Is `ln(x) +ln(x)` the same thing as `ln(x^2)` or `2ln(x)`????

Answer 1

Both!

`ln(x) + ln(x) = ln(x^2) = 2ln(x)`

Explanation:

Sum of logarithms with same base is equivalent to the logarithm of the product.

So: `ln(x) + ln(x) = ln(x^2)`

It also turns out that:

`ln(x^2) = 2ln(x)`

So technically:

`ln(x) + ln(x) = ln(x^2) = 2ln(x)`

You can also just treat the `ln(x)` like it's a variable and sum them. If you have `ln(x) + ln(x)`, then you have `2ln(x)`.

Answer 2

It depends, a little...

Explanation:

From basic properties of arithmetic, it is always true that:

`ln(x)+ln(x) = 2ln(x)`

Is it always true that `2ln(x) = ln(x^2)` ?

For the real logarithm with `x > 0` the answer is yes, but the same is not true if the definition of logarithms is extended to negative and complex numbers.

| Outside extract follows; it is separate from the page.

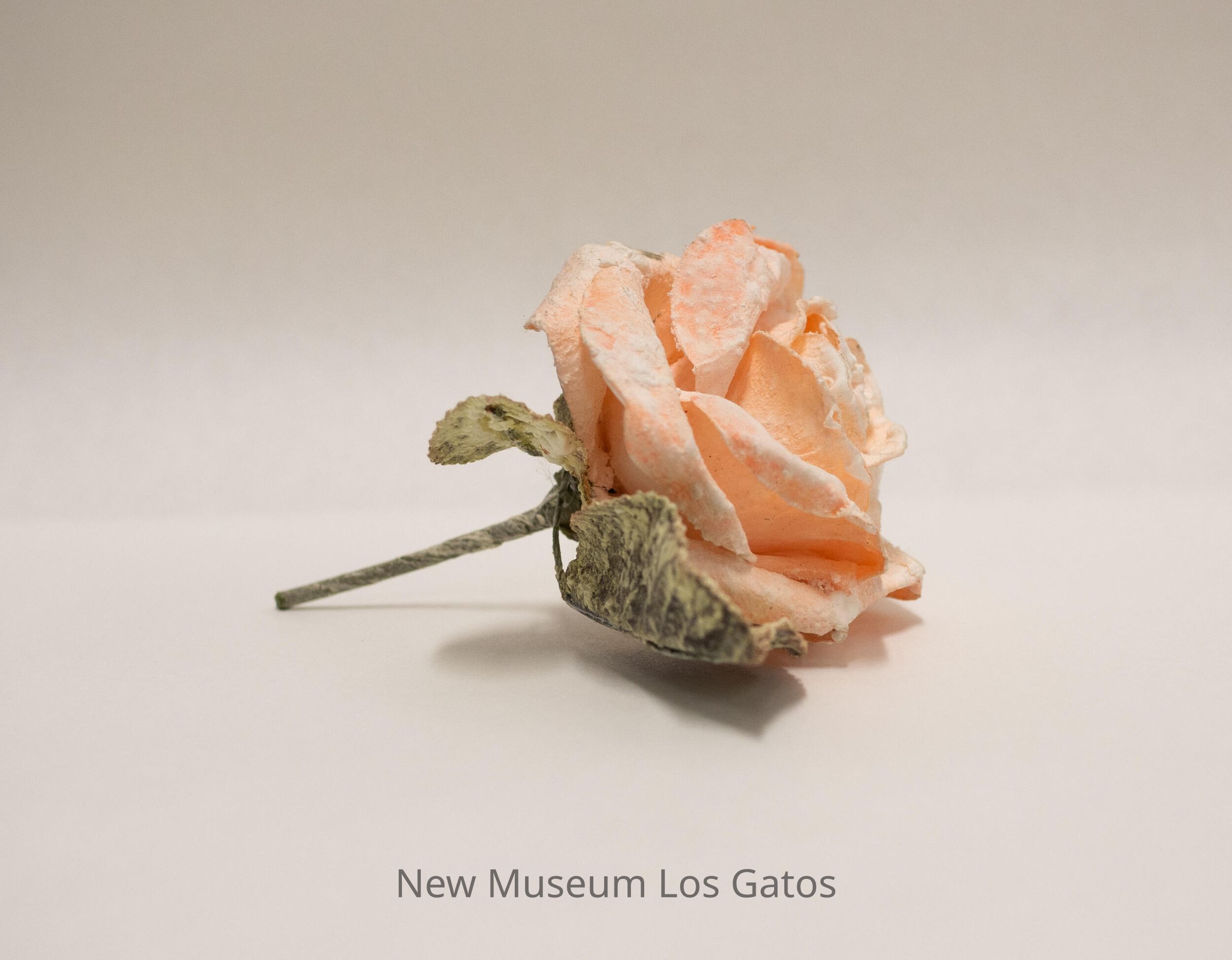 A synthetic pink rose, with a green stem and two green leaves, that appears to be made out of some sort of hardened paper material. There is a white coating over the majority of the rose, that appears inherent to the object.

Note that any non-zero complex number `z` can be represented as:

`z = r(cos theta + i sin theta) = re^(itheta)`

for some real number `r > 0` and `theta in (-pi, pi]`

The suitable value of `theta in (-pi, pi]` is `Arg(z)`

Then:

`ln(z) = ln(re^(itheta))`

`color(white)(ln(z)) = ln(r) + ln(e^(itheta))`

`color(white)(ln(z)) = ln(r) + itheta`

`color(white)(ln(z)) = ln abs(z) + i Arg(z)`

In particular if `z < 0` is a negative real number then:

`ln(z) = ln(-z)+pi i`

So, for example:

`2ln(-3) = 2(ln(3)+pi i) = 2ln(3)+2pi i != 2ln(3) = ln(9) = ln((-3)^2)`

So the property `ln(z^2) = 2ln(z)` fails for negative numbers.

More generally, it fails for any complex number `z` with `Arg(z) in (pi/2, pi]` or `Arg(z) in [-pi/2, -pi)`.